Dresden Zoo's lions, tigers and panthers had all gone the same way. All the snakes had perished except the boas and pythons, one of whom was fed an entire goat just before the outbreak of war. Munich Zoo had managed to evade the killing order, apart from ‘a few of the bigger chimpanzees'.

The Paris Zoo in the Bois de Vincennes had shut for a week, like Regent's Park, when mothers and children left the French capital. The majority of the animals were evacuated south and west. ‘Some went on loan to travelling circuses, even the fish that went to private aquaria, including the one owned by the Prince of Monaco at Monte Carlo,' so
Animal and Zoo Magazine
reported. ‘Only a few animals were killed, a morose and dangerous orangutan and an obstreperous bull elephant that would not enter his travelling box and had to be shot. Some wolves were shot as being generally unwelcome as guests.'

London Zoo took steps to advertise the fact that it had reopened. Indeed, so it was reported in early October, ‘only a few redundant and elderly animals have been destroyed'. Come back to the zoo, ‘the animals will enjoy your company' was the message – ‘and bring stale bread and buns, Spanish chestnuts and nuts of every kind, the outer leaves of cabbages and lettuces to feed your Zoo favourites.'

Heart-warming stories were back in the newspapers – for example, the one about ‘George' the chimp, who was doing patriotic tasks such as knitting socks for soldiers. Jerboas, chinchillas and echidnas were all said to be enjoying the blackout. The outdoor leopards were, ‘interested in watching the rise and fall of the balloons which are a source of never-ceasing wonder to them'.

On 13 November, ‘Sammy', a runaway black genet on the loose for thirteen months, was found dead in a trap in Romford. The following day, ‘Koko', the Zoo's most famous chimp, died at Regent's Park.

Twin African crested porcupines were the Zoo's first war babies, of which only one had survived. The tiny urchin was in the Small Mammal House, being kept warm by an electric lamp. What would the momentous events engulfing Europe hold for him?

10
  An anonymous Internet memoir tells the story of a twelve-year-old in Linz, who took his German Shepherd, ‘Donar' – described as ‘a pure-bred dog with a first-class pedigree' – for the obligatory assessment. His friend Willi's Saint Bernard, ‘Barry', was there too. They had contrived between them to make sure their pets failed the test so as not to lose them to the military.

‘The day of the dog evaluation came, a beautiful hot summer day. Willi and I went with Barry and Donar to the meadow behind the Bulgariplatz where the dogs were to be evaluated. A man in civilian clothes made a speech. He said we must all be proud that our dogs might fight for our leaders, our people and country. Two soldiers fired their guns simultaneously. At once Barry scurried loose. I kicked Donar hard without them noticing and he yelped and ran. 

‘A couple of days later my parents received a registered letter. It stated that our Donar was found to be unfit for service. Any German Shepherd that is unworthy is not breed-worthy and therefore is not allowed to be used at stud for any German bitch. We were commanded to return the pedigree certificate, to be destroyed by those responsible for the purity of the breed.'

Part Two
THE MINISTRY OF PETS

 

 

 

I am sorry, my little cat, I am sorry –

If I had it, you should have it;

But there is a war on.

The butcher has no lights,

The fishmonger has no cod's heads –

There is nothing for you.

‘To Her Cat in Wartime', Dorothy L. Sayers, 1940

Chapter 9
Pets Get the Blame

There was little that was phoney about the ‘phoney war' for pets. Even if no real land fighting was going on, in the winter of 1939–40 the perils of the blackout, evacuation and an unpredictable diet made the months following Poland's subjection an uncomfortable time for Britain's Home Front animals. It was about to get worse.

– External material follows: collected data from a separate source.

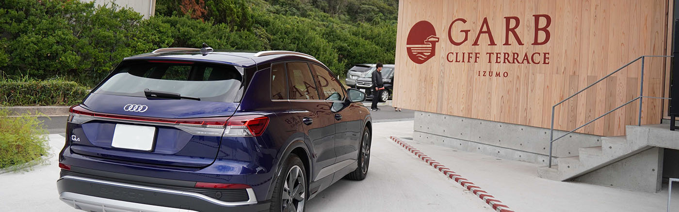 出雲空港から車で約35分。EV用の充電器を備え、施設をご利用のお客様やアウディにお乗りのお客様は無料で充電できるサービスを実施しています。プレシェアでレンタルできるEV、Audi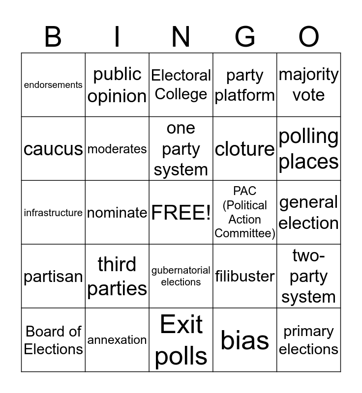 This bingo card has a free space and 37 words: political parties, Republicans, Democrats, moderates, two-party system, third parties, one party system, plurality vote, majority vote, coalitions, nominate, party platform, primary elections, general election, caucus, partisan, non-partisan, Electoral College, gubernatorial elections, PAC (Political Action Committee), endorsements, polling places, Board of Elections, Exit polls, mass media, bias, public opinion, political activism, special interest groups, lobbyists, zoning laws, annexation, infrastructure, standing committee, filibuster, cloture and pocket veto.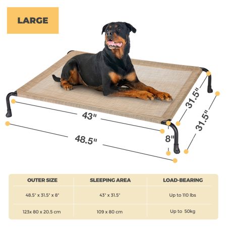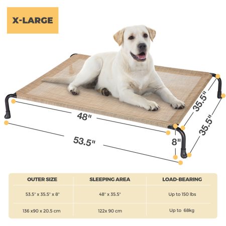 Size Dimensions Sleeping Surface Weight Suggested Pet Weight XL 53.5"L×35.5"W×8"H 48''L×35.5''W 9.90lbs up to 110lbs Item Number CWC2205CP Weight 1.00lbs Species Dogs Bed Shape Rectangular Product Feature Anti-scratch, Breathable, Chewproof, Durable General Material Iron, Plastic Bed Type Elevated Beds Cover Material Teslin Fabric Fill Material N/A Lifestage All Lifestages Assembly Required Yes Tools Included N/A - Video Tutorial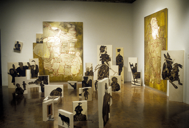 Ida Applebroog, Jack F: Forced to Eat His Own Excrement (1992); Ida Applebroog, Kathy W.: Is Told that If She Tells Mommy Will Get Sick and Die (1992). Photograph by Geoffrey Clements
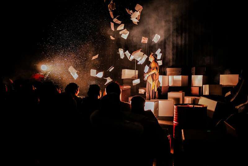 整场演出全程由一位演员完成,剧情环环相扣、层层推进,烧脑的同时富含幽默元素。脱口秀、吉他弹唱、河北梆子……演员18般武艺轮番上演。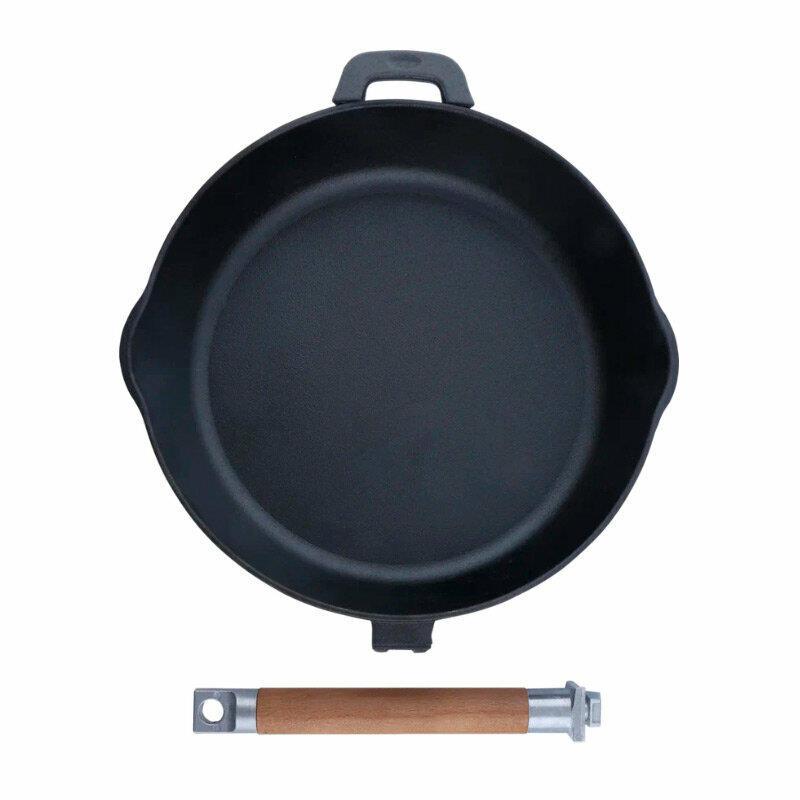 Сковорода Гардарика чугунная со съемной ручкой и двумя сливами 24 см. Материал посуды - чугун. Как показывает опыт, нет лучшего материала для изготовления посуды, нежели чугун. Во-первых, чугун считается экологически безопасным, чистым материалом. Во-вторых, он может быстро нагреваться до высоких температур и держать в себе тепло долгое время. Такая практичная посуда пробудет в эксплуатации ни один год. Чугунную посуду покупают для плит любых видов. Она удобна как для жарки, так и для тушения.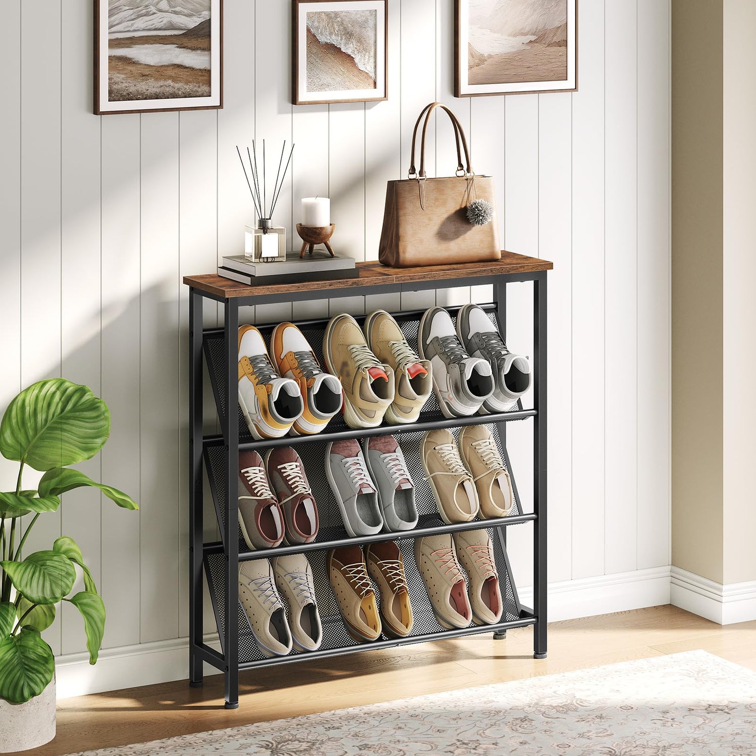- Versatile Storage Solution: Ideal for bags, photo frames, and decorative items on top, while the 3-tier mesh shelf below holds 9+ pairs of shoes with ample space for various sizes. The bottom space is designed for shoe storage and daily cleaning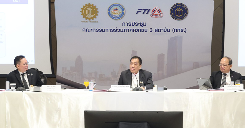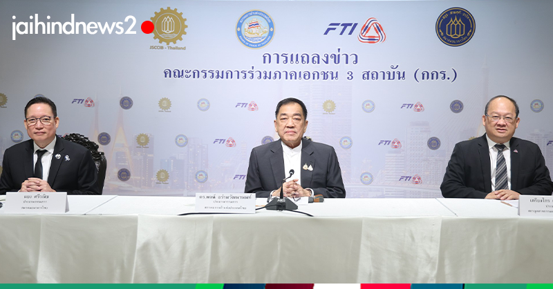 ดร.พจน์ อร่ามวัฒนานนท์ ประธานกรรมการหอการค้าไทยและสภาหอการค้าแห่งประเทศไทย เป็นประธานการแถลงข่าว คณะกรรมการร่วมภาคเอกชน 3 สถาบัน (กกร.) โดยมี นายเกรียงไกร เธียรนุกุล ประธานสภาอุตสาหกรรมแห่งประเทศไทย (ส.อ.ท.) และนายผยง ศรีวณิช ประธานสมาคมธนาคารไทย ร่วมในการแถลงข่าว ณ ศูนย์การประชุมแห่งชาติสิริกิติ์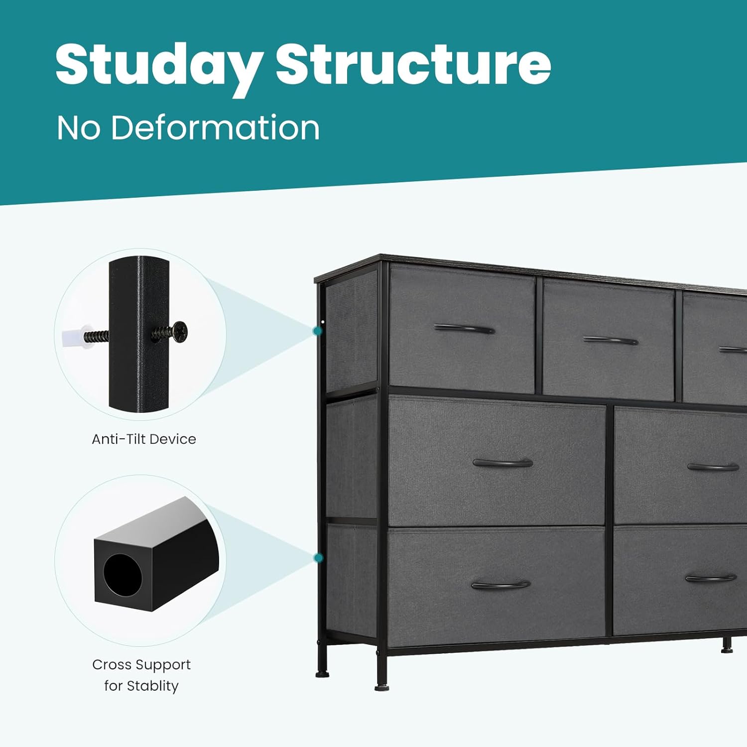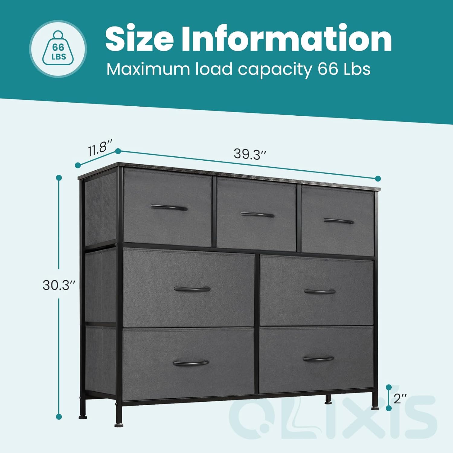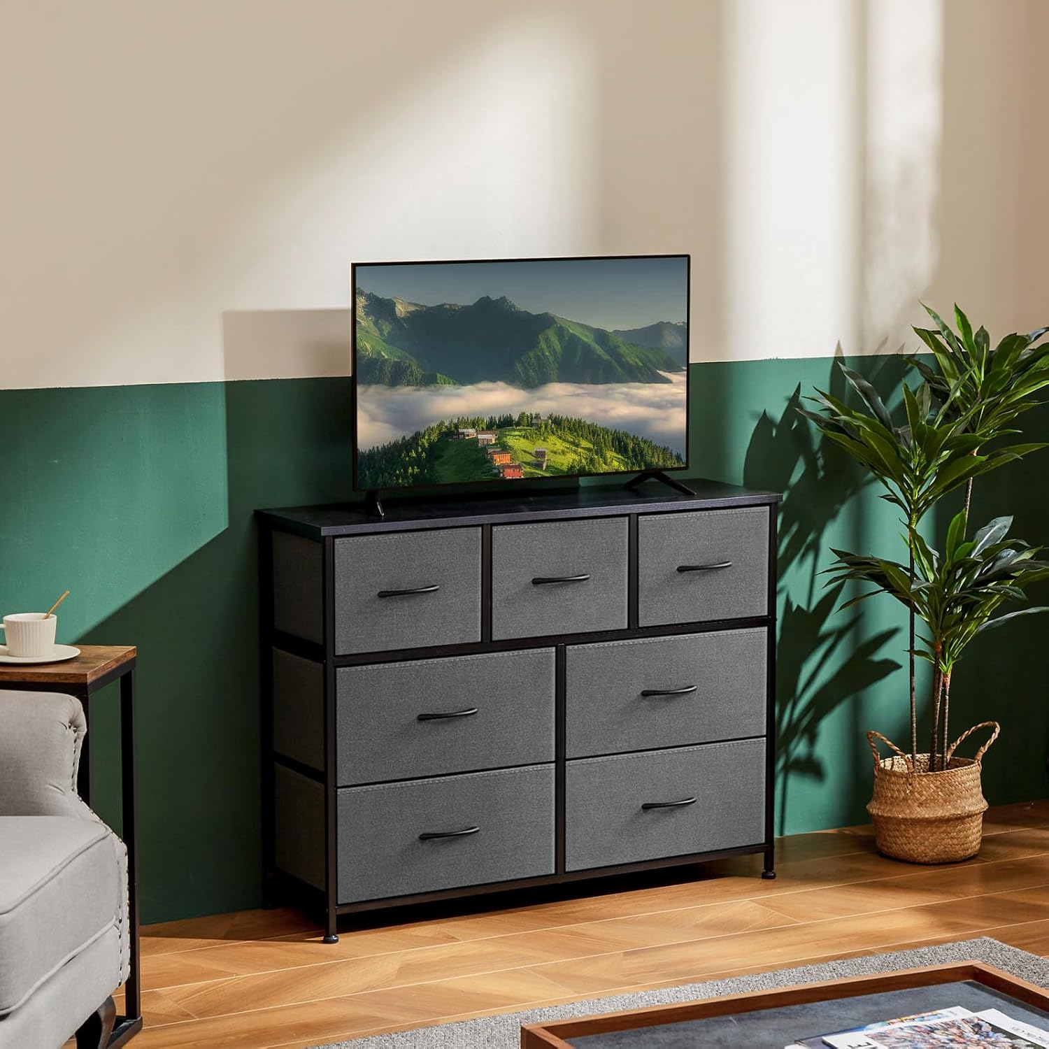 OLIXIS Desser for Bedroom with 7 Fabric Drawers Organizer Storage Closet Chest Clothes Cabinet, Kids Dresser, Grey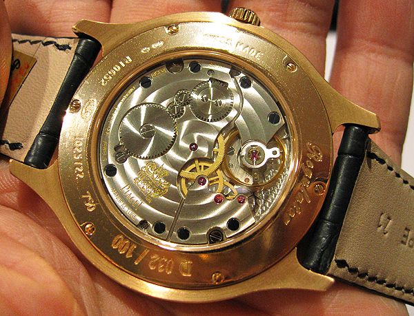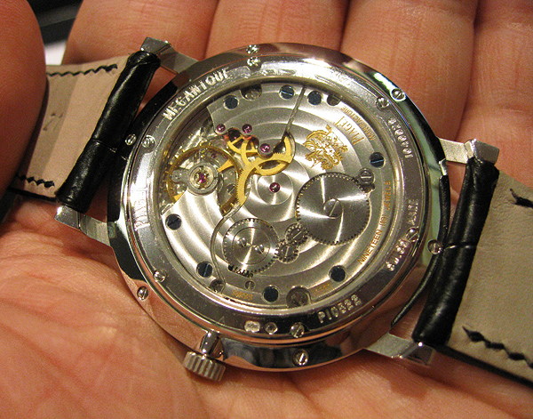 從透明底蓋上,我們可以看見這一款1208P超薄自動機芯,其厚度僅有2.35mm,是目前錶界最薄的自動上鍊機芯。而其直徑為29.9mm,震頻為每小時21,600次,具有40小時的動力儲存。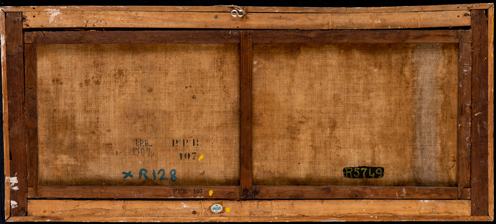 - ISCRIZIONI sul retro della tela, in giallo - R. 5749 - numeri arabi - a impressione -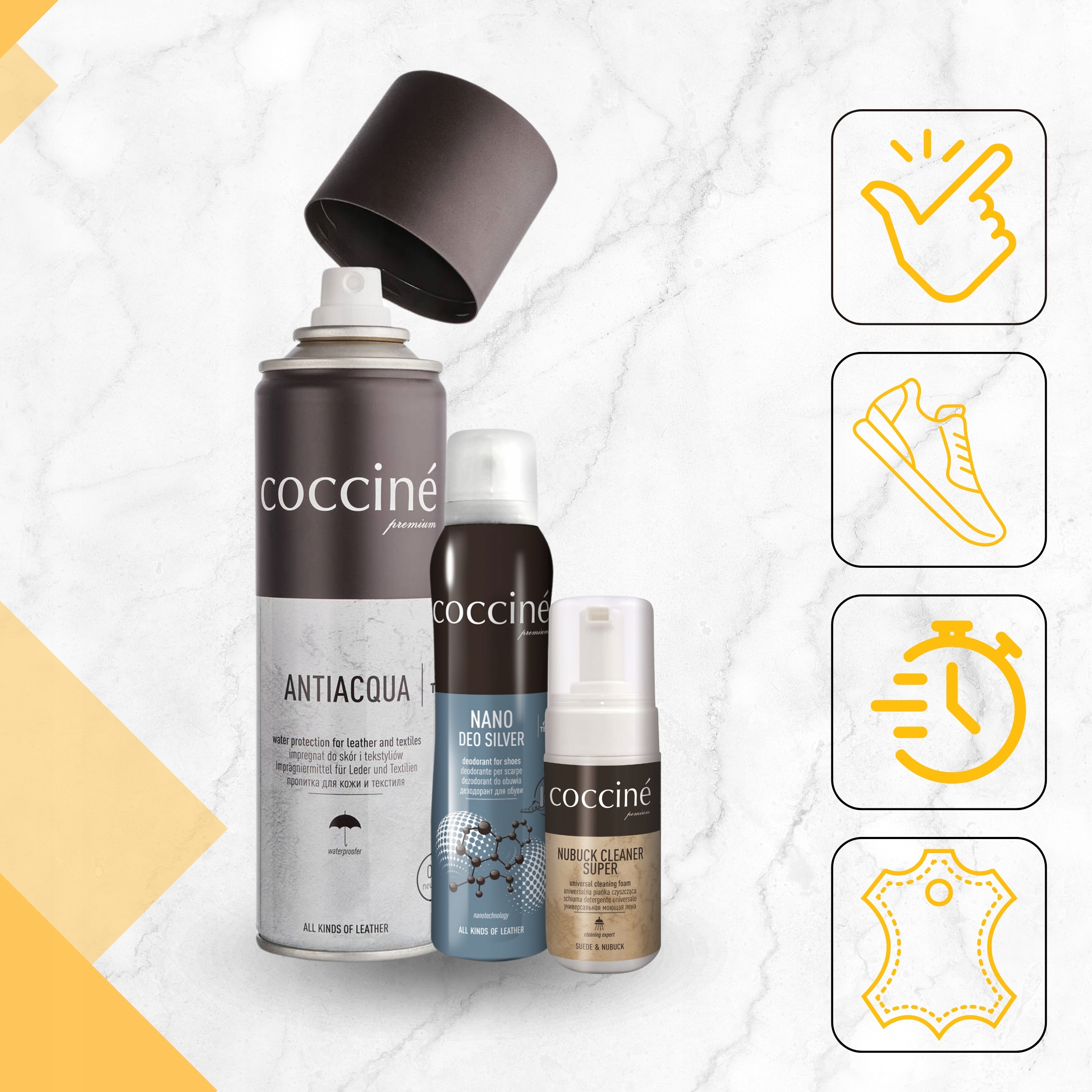 Захист взуття від вологи та бруду є запорукою її довговічності та естетичного вигляду. Coccine Antiacqua - професійне водостійке просочення, яке ефективно захищає зернисту шкіру, замшу, нубук і текстиль від вологи, бруду та пилу. Завдяки інноваційній формулі він створює невидимий гідрофобний бар’єр, не перешкоджаючи повітропроникності матеріалу, що дозволяє шкірі природним чином регулювати вологість.

On 8 January 1940, bacon, butter and sugar were rationed. Meat would surely be next. It was getting scrappy round the food bowl. The enormous proportion of imported food, especially meat and animal feed that came by ship to the as yet only mildly embattled island, made national survival look perilous. The public were only just waking up to the danger as the ‘Dig for Victory' campaign sought to turn every garden into an allotment and every backyard into a miniature livestock farm. The trouble was, these were pets you were meant to eat.

On the first day of the New Year the National Poultry Council had expressed ‘grave concern at the large quantities of feeding stuffs which are being consumed by hunters, packs of hounds, dogs, pigeons etc, not engaged in war-work'. The whispering about ‘useless mouths' was growing louder.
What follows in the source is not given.